Замурованные во льду. — Вымерший вид. — По течению. — Мыс Челюскин note 83. — Овации. — Gallia victrix note 84!
   На обратном пути матросы отламывали куски мяса и с наслаждением сосали, теряясь в догадках, откуда оно взялось.
   Усталые, но радостные и счастливые, вернулись они в лагерь. И очень вовремя, многие уже впали в беспамятство. Но голод лечится быстро, стоит только поесть. Идея парижанина — сварить по дороге мясо
   — оказалась блестящей. Доктор заявил, что никогда в жизни не пил такого вкусного бульона, хотя он был без соли и приправ.
   Люди никак не могли насытиться, и плохо им пришлось бы, не займись Желен раздачей пиши. Он следил, чтобы никто не съел на голодный желудок больше положенного.
   После еды уснули крепким здоровым сном, но через несколько часов всех разбудил лай Помпона, видимо требовавшего к себе внимания за оказанную услугу.

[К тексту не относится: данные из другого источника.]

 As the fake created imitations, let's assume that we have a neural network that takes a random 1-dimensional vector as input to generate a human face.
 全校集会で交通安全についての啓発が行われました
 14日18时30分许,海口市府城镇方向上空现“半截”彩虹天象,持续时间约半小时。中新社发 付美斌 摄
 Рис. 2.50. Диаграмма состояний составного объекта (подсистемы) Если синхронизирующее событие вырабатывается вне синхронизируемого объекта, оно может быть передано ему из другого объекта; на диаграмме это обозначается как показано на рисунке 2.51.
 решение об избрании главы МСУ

   Только сейчас тем, кто оставался на привале, пришел в голову вопрос: «Откуда взяли их товарищи столько мяса? » Они поглощали еду с неимоверной жадностью, почти не слушая Плюмована, неисправимого болтуна и выдумщика, который своим рассказом о сказочных мясных залежах сбил всех с толку.
   Лейтенант Вассер, отличный моряк, совершенно не знал естественной истории и потому передал все, как было, ничего не объясняя. Капитан и доктор были еще слишком слабы, чтобы заняться исследованием трофеев, и только улыбались, слушая матросов.

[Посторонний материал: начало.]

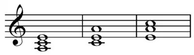 Por ejemplo, el acorde de Do menor consiste en tres notas: C (raíz), Eb (tercera menor) y G (quinta justa):
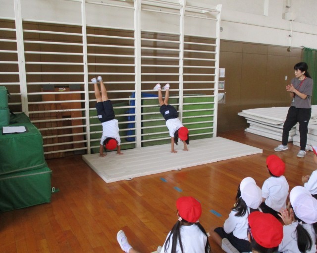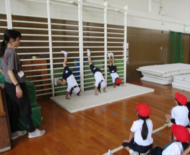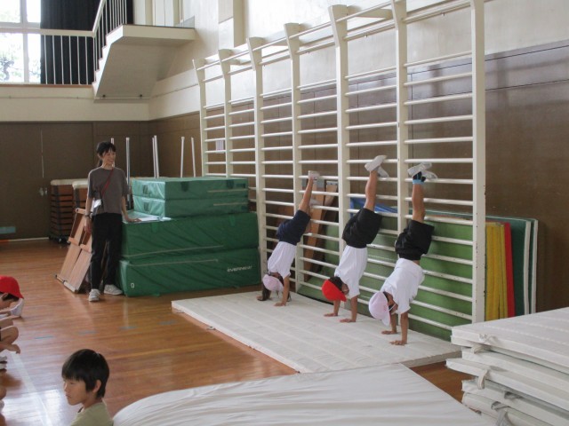 ろくぼくに足をかけてしっかりと腕で体を支え、5秒数えます。
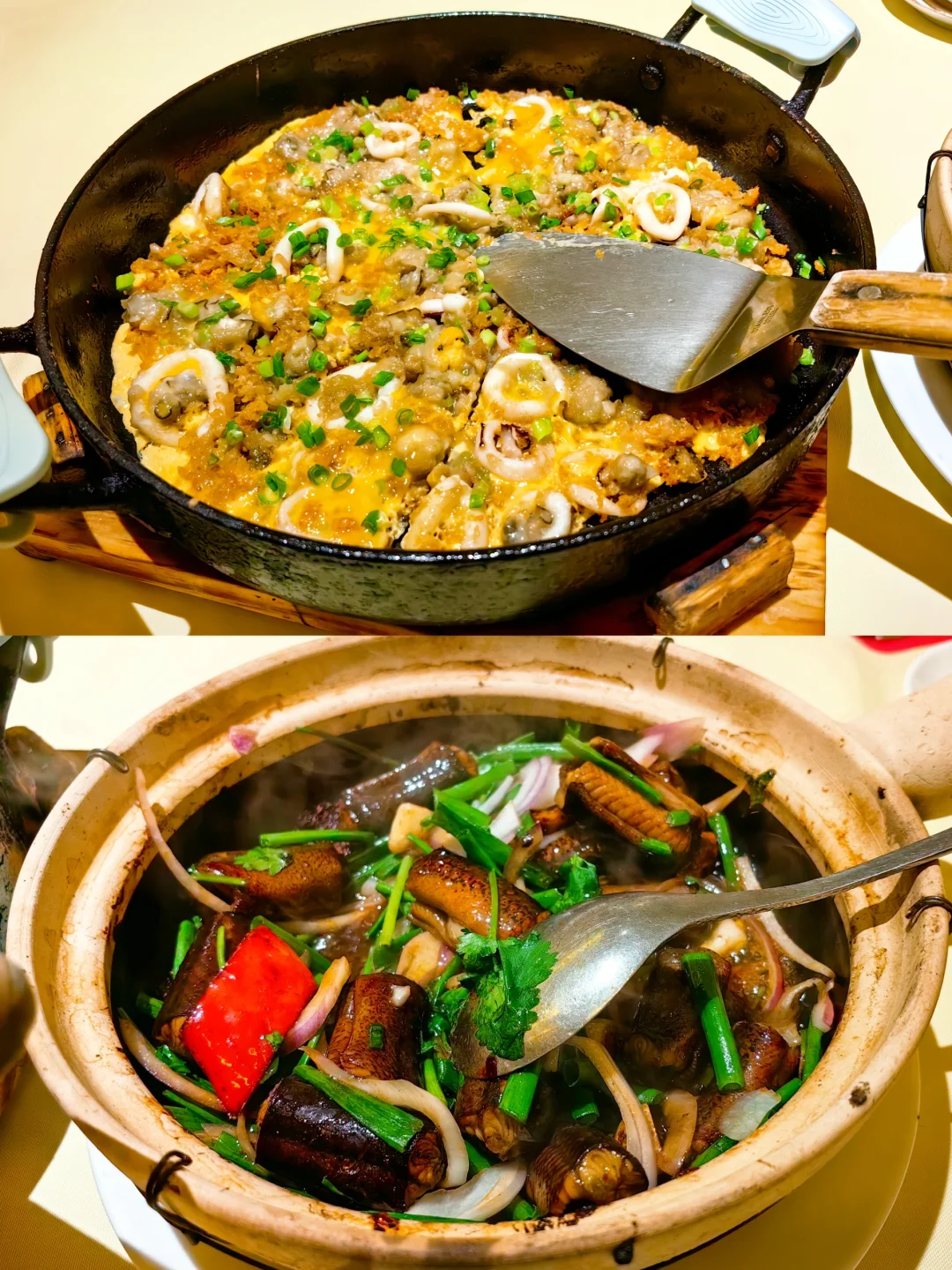 环境就是普通的广式酒楼,里面养了锦鲤,像极了低配版的玉堂春暖(测评之前发过)。主打生啫,自创的啫啫煲是招牌。生啫黄鳝吃着有点生个人不是很喜欢,不如成都的组织向南鳝鱼有种弹牙且入味的感觉。海鲜蚝烙第一口有点惊艳,但是吃多了会腻,建议人多了再点这个。招牌甜品姜撞奶冰淇淋还蛮好吃的。

   Мяса и сала теперь было хоть отбавляй.
   Через тридцать шесть часов все, даже больные скорбутом, смогли подняться. Термометр показывал плюс два градуса, для полярников, привыкших к пятидесятиградусным морозам, это была настоящая весна. Путешественники пешком отправились по гладкому льду к тому месту, где Помпон нашел мясо.
   Снеговую хижину пришлось покинуть, она почти совсем растаяла.
   Лодку поставили на сани, посадили в нее самых слабых и повезли по лужам и талому снегу.
   Матросы повеселели. На измученных голодом и болезнью лицах появились улыбки.
   Пройдя половину пути, сделали стоянку, подкрепились и снова снялись с места.
   Поход к обнаруженному псом «складу» с провиантом занял десять часов. Там и в самом деле было несметное количество мяса, «залежи», по словам Плюмована. Две трещины, каждая метров в сто тянулись вдоль палеокристаллических холмов, уходя глубоко вниз, подобно жилам какого-нибудь минерала. Этого мяса хватило бы на целое войско, столько было здесь закоченевших туш разных животных.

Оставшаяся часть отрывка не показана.